Вирессэ выбралась из-под ткани, закрывавшей содержимое телеги с досками, гвоздями, засовами и дверными петлями, и посмотрела на Глоссара, тоже пробовавшего на вкус чувство свободы и безопасности. Эльфы были рады, что больше никто им не угрожает, однако дальнейшая дорога стала совершенно неинтересной.
— Поплачь о нём, пока он живой, — снова начал напевать менестрель. — Люби его…
— Нет! — в один голос крикнули Вирессэ и Алмарил, подъехавший верхом. — Хватит!
— Сегодня умрёшь — завтра скажут: «Поэт!» — певец отмахнулся. — Ладно, хорошо, не буду. Помолчу.
Холодный ветер завыл в унисон с далёким карканьем, чёрная колдовская тьма над горами на севере захохотала тысячами оскаленных пастей.
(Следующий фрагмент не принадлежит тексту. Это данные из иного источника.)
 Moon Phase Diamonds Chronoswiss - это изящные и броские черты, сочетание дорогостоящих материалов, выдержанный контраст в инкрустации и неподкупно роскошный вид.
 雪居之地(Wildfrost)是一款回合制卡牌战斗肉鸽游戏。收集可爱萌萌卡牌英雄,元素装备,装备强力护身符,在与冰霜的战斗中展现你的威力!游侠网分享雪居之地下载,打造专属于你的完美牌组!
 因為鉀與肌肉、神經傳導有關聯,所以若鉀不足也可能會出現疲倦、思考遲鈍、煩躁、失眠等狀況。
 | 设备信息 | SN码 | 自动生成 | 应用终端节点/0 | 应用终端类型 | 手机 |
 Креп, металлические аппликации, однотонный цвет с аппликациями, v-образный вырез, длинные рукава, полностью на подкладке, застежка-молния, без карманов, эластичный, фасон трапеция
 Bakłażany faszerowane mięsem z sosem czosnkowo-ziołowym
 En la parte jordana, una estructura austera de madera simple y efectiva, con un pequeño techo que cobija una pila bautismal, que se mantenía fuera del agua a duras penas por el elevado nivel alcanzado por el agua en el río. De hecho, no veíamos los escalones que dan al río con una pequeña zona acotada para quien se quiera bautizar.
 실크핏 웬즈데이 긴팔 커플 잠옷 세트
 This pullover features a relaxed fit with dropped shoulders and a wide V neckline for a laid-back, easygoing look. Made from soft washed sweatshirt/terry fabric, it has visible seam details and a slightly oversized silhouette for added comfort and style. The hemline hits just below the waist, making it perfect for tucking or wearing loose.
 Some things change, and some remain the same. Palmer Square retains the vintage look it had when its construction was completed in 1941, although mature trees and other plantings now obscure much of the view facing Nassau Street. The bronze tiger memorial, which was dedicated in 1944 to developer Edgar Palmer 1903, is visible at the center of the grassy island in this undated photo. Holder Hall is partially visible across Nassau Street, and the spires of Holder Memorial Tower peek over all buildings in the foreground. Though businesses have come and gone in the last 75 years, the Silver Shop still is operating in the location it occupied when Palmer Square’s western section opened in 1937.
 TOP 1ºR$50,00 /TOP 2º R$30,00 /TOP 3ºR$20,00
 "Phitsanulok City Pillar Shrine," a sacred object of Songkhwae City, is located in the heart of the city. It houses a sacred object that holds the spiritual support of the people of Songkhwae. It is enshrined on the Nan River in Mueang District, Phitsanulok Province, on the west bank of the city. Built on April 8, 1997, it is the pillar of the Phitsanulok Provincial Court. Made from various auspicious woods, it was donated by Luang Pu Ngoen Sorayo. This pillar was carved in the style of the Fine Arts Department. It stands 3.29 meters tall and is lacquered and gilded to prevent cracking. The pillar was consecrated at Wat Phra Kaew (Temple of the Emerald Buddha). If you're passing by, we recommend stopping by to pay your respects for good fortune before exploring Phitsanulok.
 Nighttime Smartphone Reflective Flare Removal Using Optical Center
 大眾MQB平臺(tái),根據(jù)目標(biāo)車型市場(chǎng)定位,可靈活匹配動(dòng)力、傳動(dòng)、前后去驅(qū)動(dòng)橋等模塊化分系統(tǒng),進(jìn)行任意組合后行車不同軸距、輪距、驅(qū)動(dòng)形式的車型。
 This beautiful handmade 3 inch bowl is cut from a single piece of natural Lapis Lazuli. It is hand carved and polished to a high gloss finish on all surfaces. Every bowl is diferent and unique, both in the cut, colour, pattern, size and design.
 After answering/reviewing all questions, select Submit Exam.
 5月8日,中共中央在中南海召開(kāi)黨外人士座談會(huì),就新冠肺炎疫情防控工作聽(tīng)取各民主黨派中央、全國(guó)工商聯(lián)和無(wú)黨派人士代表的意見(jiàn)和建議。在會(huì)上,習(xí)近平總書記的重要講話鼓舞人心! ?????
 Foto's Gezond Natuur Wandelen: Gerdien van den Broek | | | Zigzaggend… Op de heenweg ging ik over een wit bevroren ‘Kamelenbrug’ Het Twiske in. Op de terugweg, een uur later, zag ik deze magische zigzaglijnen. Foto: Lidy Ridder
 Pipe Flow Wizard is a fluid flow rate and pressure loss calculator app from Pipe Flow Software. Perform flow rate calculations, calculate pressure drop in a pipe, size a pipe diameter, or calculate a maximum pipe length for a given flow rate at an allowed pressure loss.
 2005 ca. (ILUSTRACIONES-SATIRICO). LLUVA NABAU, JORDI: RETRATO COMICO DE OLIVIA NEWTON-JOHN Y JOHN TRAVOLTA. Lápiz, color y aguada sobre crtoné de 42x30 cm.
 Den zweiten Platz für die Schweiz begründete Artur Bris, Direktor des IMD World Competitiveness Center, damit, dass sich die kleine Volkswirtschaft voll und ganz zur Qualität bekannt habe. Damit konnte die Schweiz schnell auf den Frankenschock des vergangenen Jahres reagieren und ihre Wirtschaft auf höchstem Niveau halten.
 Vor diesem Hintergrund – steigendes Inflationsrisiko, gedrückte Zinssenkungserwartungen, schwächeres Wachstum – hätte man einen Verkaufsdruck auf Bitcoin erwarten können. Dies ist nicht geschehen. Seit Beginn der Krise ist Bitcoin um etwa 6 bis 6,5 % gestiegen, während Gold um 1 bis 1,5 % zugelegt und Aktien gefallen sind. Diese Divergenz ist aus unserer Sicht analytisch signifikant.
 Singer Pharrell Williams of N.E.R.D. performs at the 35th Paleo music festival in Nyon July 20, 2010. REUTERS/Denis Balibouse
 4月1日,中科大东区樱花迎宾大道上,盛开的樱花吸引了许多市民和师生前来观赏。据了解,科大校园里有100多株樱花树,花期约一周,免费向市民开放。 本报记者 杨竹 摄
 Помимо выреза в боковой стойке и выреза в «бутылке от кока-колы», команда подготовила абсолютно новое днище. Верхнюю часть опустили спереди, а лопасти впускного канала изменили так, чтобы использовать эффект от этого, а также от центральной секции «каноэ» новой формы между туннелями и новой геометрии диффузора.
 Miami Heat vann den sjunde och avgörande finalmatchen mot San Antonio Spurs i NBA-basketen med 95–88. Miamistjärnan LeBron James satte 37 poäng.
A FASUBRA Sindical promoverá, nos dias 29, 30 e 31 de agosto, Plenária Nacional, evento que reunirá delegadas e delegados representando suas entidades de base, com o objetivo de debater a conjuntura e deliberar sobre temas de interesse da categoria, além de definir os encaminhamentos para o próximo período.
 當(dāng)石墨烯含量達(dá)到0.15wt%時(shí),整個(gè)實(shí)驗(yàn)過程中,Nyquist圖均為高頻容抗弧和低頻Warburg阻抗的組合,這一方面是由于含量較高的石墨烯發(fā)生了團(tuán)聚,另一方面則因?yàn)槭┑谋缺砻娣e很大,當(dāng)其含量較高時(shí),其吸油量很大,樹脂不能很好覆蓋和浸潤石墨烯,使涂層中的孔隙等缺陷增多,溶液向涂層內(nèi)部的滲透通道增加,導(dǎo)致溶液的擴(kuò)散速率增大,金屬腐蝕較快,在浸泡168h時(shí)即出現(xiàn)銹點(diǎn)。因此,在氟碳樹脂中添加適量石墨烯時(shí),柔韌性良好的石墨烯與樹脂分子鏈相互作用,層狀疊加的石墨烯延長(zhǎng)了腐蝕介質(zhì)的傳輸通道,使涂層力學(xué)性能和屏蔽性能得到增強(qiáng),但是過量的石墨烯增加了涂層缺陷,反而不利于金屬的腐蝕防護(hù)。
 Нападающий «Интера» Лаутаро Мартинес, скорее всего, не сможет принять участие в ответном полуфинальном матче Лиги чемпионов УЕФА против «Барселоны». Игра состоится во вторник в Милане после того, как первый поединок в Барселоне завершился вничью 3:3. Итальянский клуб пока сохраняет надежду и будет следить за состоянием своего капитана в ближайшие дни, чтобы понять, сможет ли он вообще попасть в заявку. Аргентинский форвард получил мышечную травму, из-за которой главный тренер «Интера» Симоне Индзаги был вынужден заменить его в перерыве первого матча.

Супруга химрингского посланника поёжилась, вспоминая, как в прошлый раз ехала по Ард-Гален, и тогда не возникало таких пугающих образов.
Может быть, верховный нолдоран прав?
— Глоссар, — не выдержала молчания Вирессэ, — прости, что прервала тебя. Теперь я понимаю, что лучше слушать твои песни, даже если они пугают, чем отзвуки Чёрной Земли.
— То-то же, — певец приободрился, хоть и был снова бледен. — Не знаю, почему так выходит, Апрель, — развёл он руками, — но когда я вижу тебя, на ум приходит эта мелодия. Ладно, не буду больше заставлять тебя бояться.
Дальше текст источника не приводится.